En guise de conclusion, j'aimerais parler de ce duo de voyageurs russes assez insolite. Je ne serais pas aussi pessimiste que mon ami malaisien, mais lorsque l'on reste aussi peu de temps à chaque endroit, le microcosme du monde du voyage n'est-il finalement pas le seul qu'il nous est donné de connaître?

Ils s'appellent Vadim et Lydia. Le frère et la sœur. Lui sur la trentaine, elle paraissant beaucoup plus âgée. Nous les avons rencontrés en descendant du Mont Bromo, avant de les retrouver dans le bus pour Yogyakarta.

Vadim était ingénieur électricien lorsqu'il a quitté sa ville natale du sud de la Russie. Pour pouvoir partir, il a vendu sa voiture et travaillé d'arrache-pied pendant un an. Avec sa sœur, ils ont débuté leur périple en septembre, par les Philippines. Ils se sont ensuite dirigés vers l'île de Bornéo, la partie malaisienne puis indonésienne, et ont alors commencé à remonter presque tout l'archipel indonésien, des îles Komodo jusqu'à Java.

Lorsqu'ils ont pris la route, ils ne connaissaient que la langue de Tolstoï. Vadim arrive maintenant à se faire comprendre en anglais et en indonésien. Passionné de yoga, il donne parfois des cours lorsqu'ils rencontrent des personnes intéressés. Tous les deux fascinés par la sagesse orientale, ils visitent beaucoup de monastères et autres lieux de culte.

Ils voyagent avec dans leurs bagages une toile de tente, qu'ils essaient d'utiliser au maximum pour économiser les nuits d'hôtel.

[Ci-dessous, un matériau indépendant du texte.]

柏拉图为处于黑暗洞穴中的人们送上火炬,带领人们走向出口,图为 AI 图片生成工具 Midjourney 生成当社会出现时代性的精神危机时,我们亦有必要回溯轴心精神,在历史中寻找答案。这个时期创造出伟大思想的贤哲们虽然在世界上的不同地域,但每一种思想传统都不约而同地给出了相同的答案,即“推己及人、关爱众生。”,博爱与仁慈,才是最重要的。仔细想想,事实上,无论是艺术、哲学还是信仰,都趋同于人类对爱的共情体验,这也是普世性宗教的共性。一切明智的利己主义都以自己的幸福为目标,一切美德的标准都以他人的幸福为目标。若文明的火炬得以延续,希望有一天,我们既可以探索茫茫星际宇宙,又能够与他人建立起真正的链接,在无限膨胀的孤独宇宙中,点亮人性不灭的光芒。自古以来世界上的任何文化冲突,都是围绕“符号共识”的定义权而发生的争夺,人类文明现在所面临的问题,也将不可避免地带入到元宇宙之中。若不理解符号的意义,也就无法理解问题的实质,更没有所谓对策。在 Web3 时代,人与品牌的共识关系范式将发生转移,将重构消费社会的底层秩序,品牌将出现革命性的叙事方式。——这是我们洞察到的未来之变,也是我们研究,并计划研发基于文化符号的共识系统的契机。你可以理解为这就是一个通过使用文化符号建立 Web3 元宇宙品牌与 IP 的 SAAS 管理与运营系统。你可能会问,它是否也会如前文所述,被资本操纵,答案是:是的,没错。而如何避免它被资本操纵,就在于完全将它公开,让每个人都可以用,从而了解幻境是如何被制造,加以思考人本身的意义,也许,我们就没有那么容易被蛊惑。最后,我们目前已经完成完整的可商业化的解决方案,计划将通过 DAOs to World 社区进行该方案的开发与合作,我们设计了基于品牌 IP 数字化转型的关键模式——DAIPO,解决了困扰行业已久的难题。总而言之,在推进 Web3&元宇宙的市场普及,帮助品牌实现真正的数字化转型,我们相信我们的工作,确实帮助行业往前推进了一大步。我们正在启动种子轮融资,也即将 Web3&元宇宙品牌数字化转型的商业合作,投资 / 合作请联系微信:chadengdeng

Ils alternent alors entre des journées où elle veille sur leur campement pendant que lui visite, et d'autres jours où ils font le contraire. Cela leur laisse le temps de méditer, me dit-il.

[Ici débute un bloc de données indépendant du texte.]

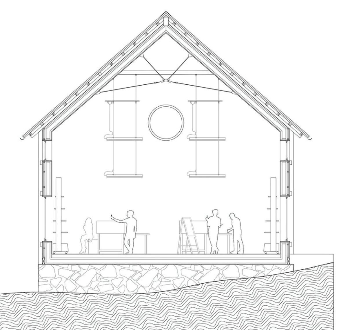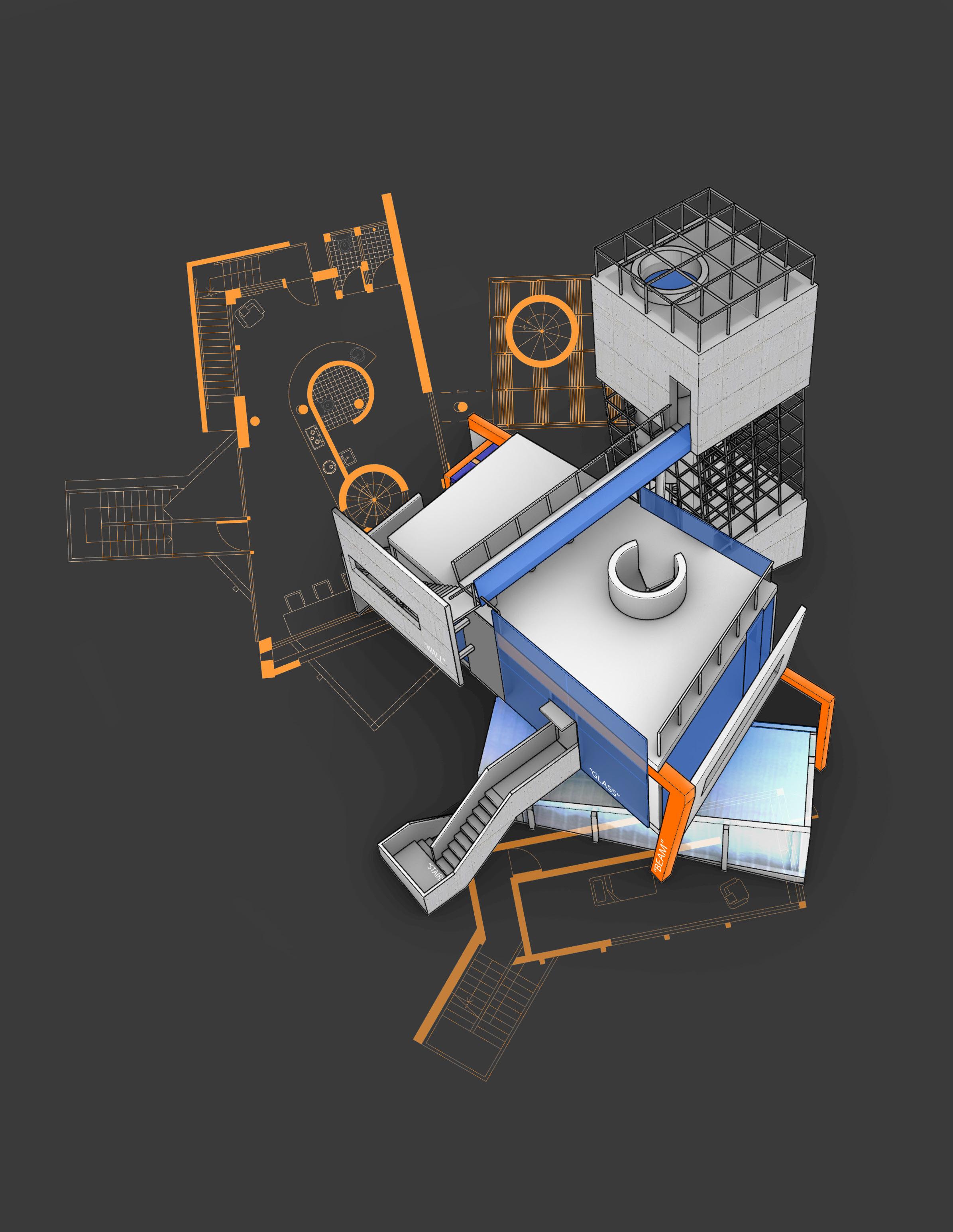The house becomes a constant work in progress, the client always on the move, working as a constant exhibition of creativity and fluid movement, deconstructed as a process through structure, program, materiality and circulation - using Virgil’s idea of “1 idea and repetition to own it” - achieved by inverting beams, walls, glass and exposing scaffolding.

Vadim me demande des conseils, même si les 100 pages de son unique guide de voyage couvre quatre pays, il ne sait rien des autres. Ils ont prévu de traverser Java, avant de passer par Singapour pour rejoindre la Malaisie. Rester quelques semaines là-bas, remonter vers la Thaïlande, puis se diriger vers la péninsule indochinoise. Passer en Chine, et enfin rentrer en Russie. A leur retour en mai, Vadim a pris la décision d'épouser la femme qui partageait sa vie avant qu'il parte.

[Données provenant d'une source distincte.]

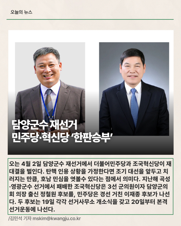 ✅담양군수 재선거 민주당·혁신당 ‘한판승부’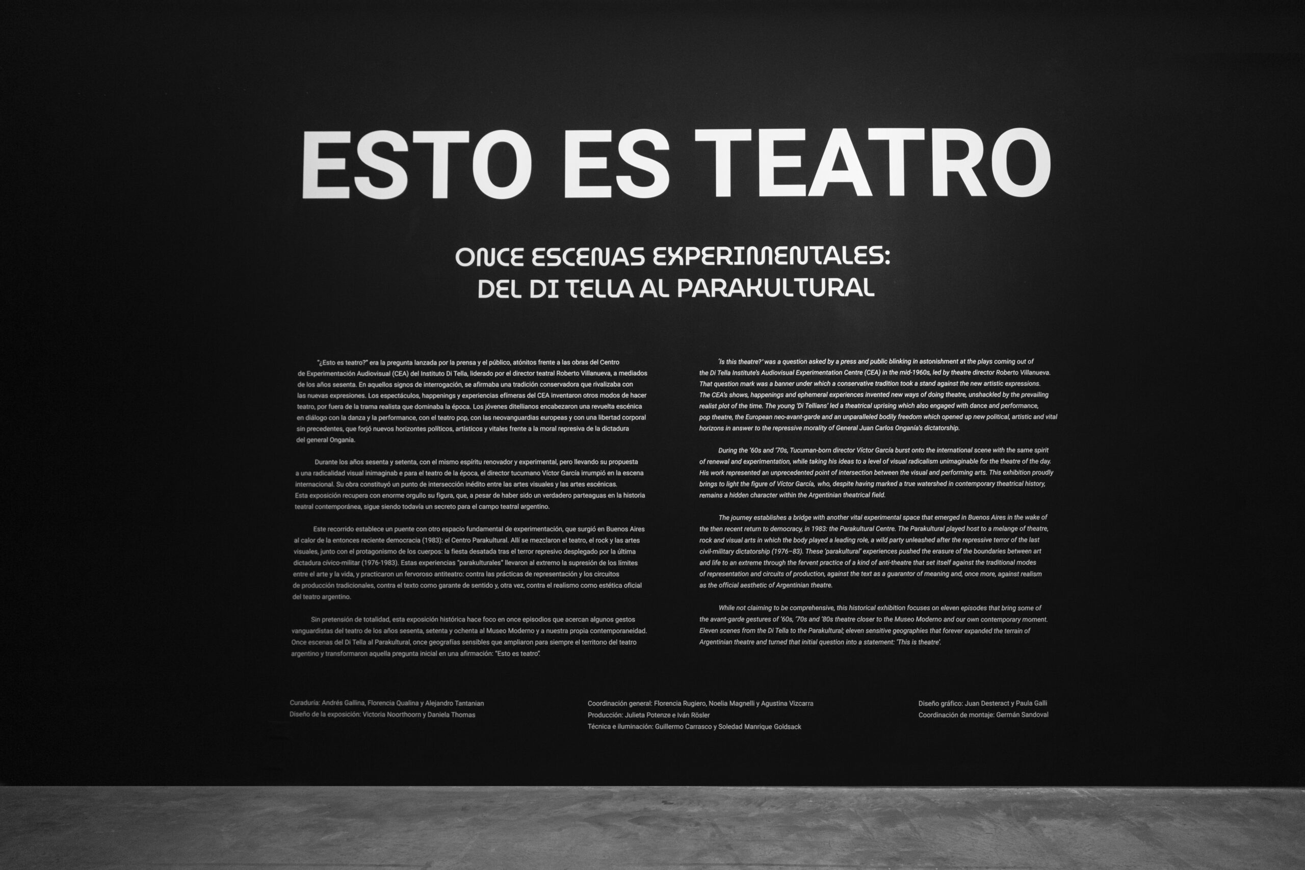 Sin pretensión de totalidad, esta exposición histórica hace foco en once episodios que acercan algunos gestos vanguardistas del teatro de los años sesenta, setenta y ochenta al Museo Moderno y a nuestra propia contemporaneidad. Once escenas del Di Tella al Parakultural, once geografías sensibles que ampliaron para siempre el territorio del teatro argentino y transformaron aquella pregunta inicial en una afirmación: “Esto es teatro”.

En arrivant à Yogyakarta à 4h du matin par un bus de nuit inconfortable, nous étions prêts à partager un taxi pour rallier un hôtel en centre ville à moindre frais. Mais pour eux pas question de taxi, ils préfèrent prendre le premier bus public deux heures plus tard. Nous attendons finalement avec eux, et nos chemins ne se séparent qu'au moment où nous cherchons une chambre décente, tandis qu'ils regardent pour un endroit où planter leur tente.

Touristes, voyageurs, la différence est peut-être là.